The County of Santa Clara shall not be responsible for maintenance and shall incur no liability with respect to such offered streets and easements or any improvements thereon. All dedicated rights of way and easements not accepted for maintenance by the County or other public agency shall be maintained by the owners of the lots or parcels in the subdivision.

It was signed by Thomas and Margaret Cohn, in July 1980. I believe the address is 20800 Canon Drive, the parcel number is 510-27-001. (You can look it up in Zillow.com)

The second paragraph states "We hereby dedicate to public use ... all streets and portions of streets not heretofore existing and designated as Littlebrook Dr. and Canon Dr. as shown on this map; said dedications ... are for any and all public uses under, upon, and over said streets and portions thereof."

I spoke with Deputy Sheriff Greg Taylor at the Santa Clara County Sheriff's Department, West Valley Station. He agreed that we have the right to cycle on Canon, and suggested that, if we get hassled, we invite the other party to contact the Sheriff at (408)868-6600.


----------



## sokudo (Dec 22, 2007)

That's an exemplary first post! Welcome 



nshain said:


> I've been researching this issue for a while, and I think I've come up with the answer - we can ride.
> 
> I went to the Santa Clara County Planning Department
> ... contact the Sheriff at (408)868-6600.


----------



## nshain (Jul 29, 2006)

For anyone interested, this should point you to a copy of the Parcel Map and the Owner's Certificate.

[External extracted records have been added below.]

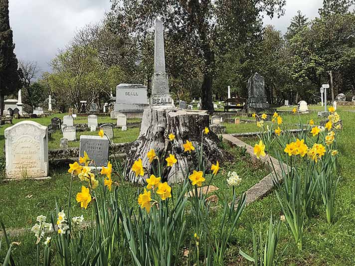 MAY BRINGS MANY EVENTS—After an unusually cold and wet winter, it’s time at last for a busy season of outdoor events at Jacksonville’s Historic Cemetery! Our recurring History Saturday in the Cemetery and Marker Cleaning Workshop programs, plus the annual Pre-Memorial Day Community Cemetery Clean-up and Flags for our Veterans events make May a very full month. All are great ways to enjoy the spectacular weather and beauty of springtime in Southern Oregon!
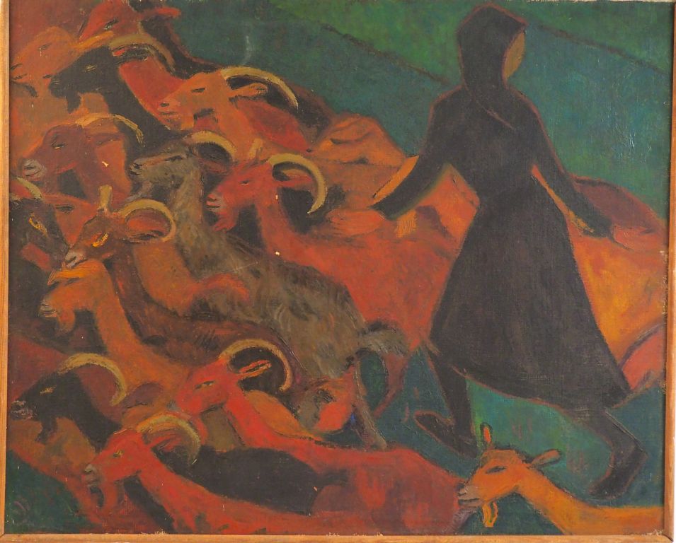 Ecole française XXème. "Bergère et son troupeau de chèvres" Huile sur toile Dim. 80 x 100 cm (petits accidents)
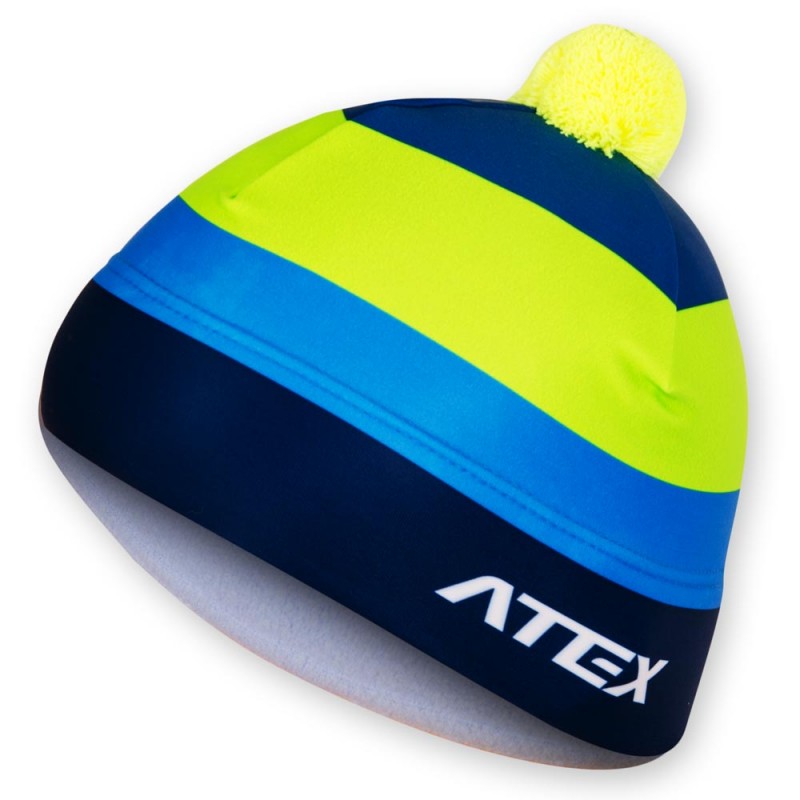 Čepice ATEX STRIPES 1 dvouvrstvá s bambulí modrá/zelená

http://www.flickr.com/photos/[email protected]/3322709903/

http://www.flickr.com/photos/[email protected]/3322709699/


----------



## rj2 (Jun 22, 2005)

nshain said:


> For anyone interested, this should point you to a copy of the Parcel Map and the Owner's Certificate.
> 
> http://www.flickr.com/photos/[email protected]/3322709903/
> 
> http://www.flickr.com/photos/[email protected]/3322709699/


We should post this on the no bikes sign. I wonder if the 2nd paragraph of the Owner's Statement is still applicable after a sale?


----------



## nshain (Jul 29, 2006)

Hi,

Thanks for the response. I was told by the County Civil Engineer that the grant of public access is permanent and cannot be revoked. I believe that the residents can post a "no cycling" sign if they want. It is incorrect, and they could be sued for trying to deprive the public of their rights, but we don't have a legal right to post anything on their property. We could stand there and pass out copies of our documents ...

Regards,
Nick


----------



## rj2 (Jun 22, 2005)

nshain said:


> Hi,
> 
> Thanks for the response. I was told by the County Civil Engineer that the grant of public access is permanent and cannot be revoked. I believe that the residents can post a "no cycling" sign if they want. It is incorrect, and they could be sued for trying to deprive the public of their rights, but we don't have a legal right to post anything on their property. We could stand there and pass out copies of our documents ...
> 
> ...


Nick, 

Thanks for establishing our legal rights. Any info on Hidden Drive?

Richard


----------



## pickles4 (Mar 2, 2009)

Richard,

I didn't try to pull up any documents on Hidden Drive, as I felt I took enough time from the folks at the Planning Department. Just as it would make no sense for only a few of the Canon properties to offer the road for public use (why would the county consider maintaining noncontiguous sections of Canon?), I think it would be logical that Hidden owners made the same offer. Maybe someday I'll check into it, but I'm happy with what I found.

Nick


----------



## grrrah (Jul 22, 2005)

Awesome... nshain did a great job of research. I was just going to generally state that it was likely a public access easement which is usually not revokable even with a sale. And actual research can be done via the county's planning department. again, thanks Nick!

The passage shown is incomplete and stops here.